Class A: Introduction, Design Refresher, and Servo Motor Applications

Learning Goals (Class A)

• Recall key design process considerations from APSC 100: Review foundational design principles learned in previous courses to ensure you can effectively apply them in complex scenarios.

• Explain operating principles of a servo motor: Understand the mechanics of servo motors, including their control, movement range, and critical role in robotics and automation.

• Apply basic physics principles to analyze torques and forces in mechanical systems: Utilize physics concepts to assess the forces and torques acting within your design, ensuring structural integrity and functionality.

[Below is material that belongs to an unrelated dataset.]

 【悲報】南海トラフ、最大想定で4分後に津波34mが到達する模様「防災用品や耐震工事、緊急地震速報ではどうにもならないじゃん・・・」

• Review Module 5 competition details and deliverables: Familiarize yourself with the competition objectives, timeline, and specific deliverables required for assessment.

Key Content:

• APSC 100 design process model: The five-step design process—identifying a problem, studying and clarifying it, generating potential solutions, developing and testing those solutions, and implementing revisions as necessary.

• Physics principles of force and torque: Understanding Newton’s laws of motion and how they relate to force, mass, and acceleration, particularly in the context of servo motor applications.

Today’s Additions:

• Understanding operation of servo motors for projects: Explore the application of servo motors in real-world projects and the importance of precision in movement.

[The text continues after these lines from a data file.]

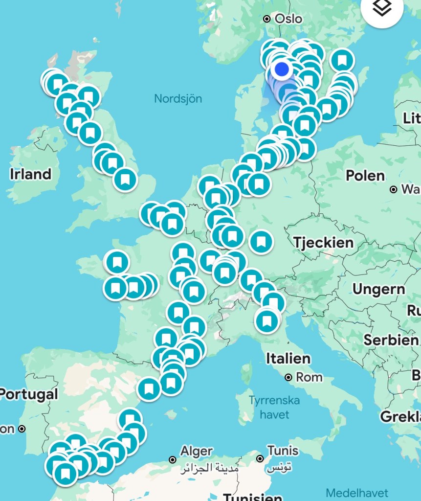 Även fixat till bloggen, så att den bli sökbar, samt fixat till en karta med pinn för alla stopp vi gjort med plåten sedan bloggen startat (mer pins kommer!)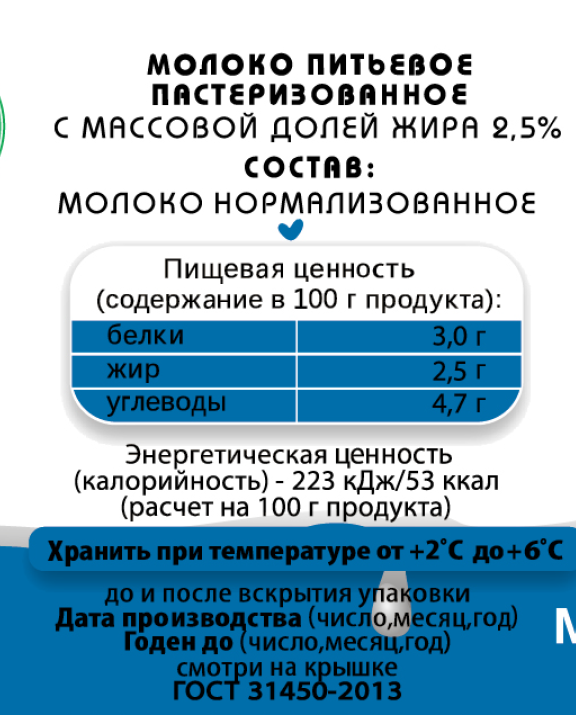 - Жирность, % 2.5
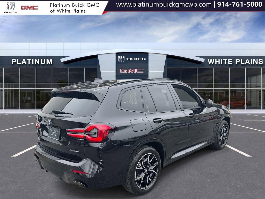 Black Sapphire Metallic 2024 BMW X3 xDrive30i AWD 8-Speed Automatic Sport I4 8-Speed Automatic Sport, 12 Speakers, 4-Wheel Disc Brakes, ABS brakes, Aerodynamic Kit, Air Conditioning, Alloy wheels, AM/FM Radio, AM/FM radio: SiriusXM, Apple CarPlay & Android Auto Compatibility, Auto High-beam Headlights, Automatic temperature control, BMW Assist eCall, BMW TeleServices, Brake assist, Comfort Access Keyless Entry, Connected Package Pro, ConnectedDrive Services, Delay-off headlights, Dual front impact airbags, Dual front side impact airbags, Electronic Stability Control, Emergency communication system: BMW Assist eCall, Enhanced USB & Bluetooth w/Smartphone Integration, Extended Shadowline Trim, Exterior Parking Camera Rear, Four wheel independent suspension, Front anti-roll bar, Front Bucket Seats, Front dual zone A/C, Fully automatic headlights, harman/kardon Surround Sound System, Head-Up Display, Heated Front Seats, Heated Steering Wheel, Hi-Fi Sound System, Knee airbag, Live Cockpit Pro w/Navigation, Low tire pressure warning, Lumbar Support, M Shadowline Lights, M Sport Package, M Sport Package (337), M Steering Wheel, Memory seat, Navigation, Navigation System, Occupant sensing airbag, Overhead airbag, Panic alarm, Panoramic Moonroof, Power driver seat, Power Front Seats, Power Liftgate, Power passenger seat, Power steering, Power windows, Premium Package, Radio data system, Rear air conditioning, Rear anti-roll bar, Rear window defroster, Remote Engine Start, Remote keyless entry, Roof Rails in High-Gloss Shadowline, Security system, Shadowline Exterior Trim, Shadowline Package, SiriusXM w/360L & 1 Yr Platinum Plan Subscription, Smoke Grey Aluminum Rhombicle Trim, Speed control, Speed-sensing steering, Split folding rear seat, Steering wheel mounted audio controls, Traction control, Wheels: 19 x 7.5 M Y-Spoke Bi-Color (Style 887M), WiFi Hotspot, Without Exterior Lines Designation.

• Engineering considerations for effective use of servo motors: Discuss factors such as power requirements, speed, and support structures that influence servo motor performance in retrieval systems.

Project Overview

The Claw - Design CompetitionContext: Scheduled for January 2025, this project focuses on creating an autonomous retrieval system for objects, specifically designed to address the retrieval of a hypothetical crashed UFO located in the Pacific Ocean. This scenario presents unique challenges, including water dynamics and remote operation.

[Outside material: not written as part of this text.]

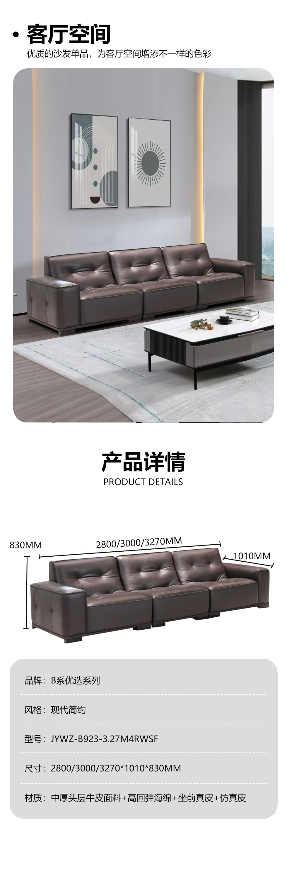 B系优选 现代简约 接触面中厚头层牛皮面料+进口俄罗斯松木框架+高回弹海绵+仿真皮 四人位 3.27米沙发

Objective: This design competition serves as an opportunity for teams to showcase innovative concepts for retrieval systems capable of autonomously picking objects and delivering them to a designated area.

Design Project Details

• Objective: Participants will design, construct, and program a retrieval system that autonomously picks up objects.

• Attaches to a manually operated crane that does not have a direct visual of the drop-off zone, necessitating the use of auxiliary controls (voice and gestures).

• Components:

  • Must open and close autonomously, demonstrating effective control and reliability.

  • Functionality must be demonstrated during the Week 5 studio session, where the working prototype will be scrutinized.

Competition Structure

• Team members will guide the operator of the crane using voice commands and hand gestures, ensuring clear communication during operation.

• Objects placed into the designated zone must be retrieved and dropped accurately, showcasing precise engineering and planning.

Materials and Resources

Supplies

• Available materials include aluminum sheet metal and a variety of hand tools necessary for building and modifying designs.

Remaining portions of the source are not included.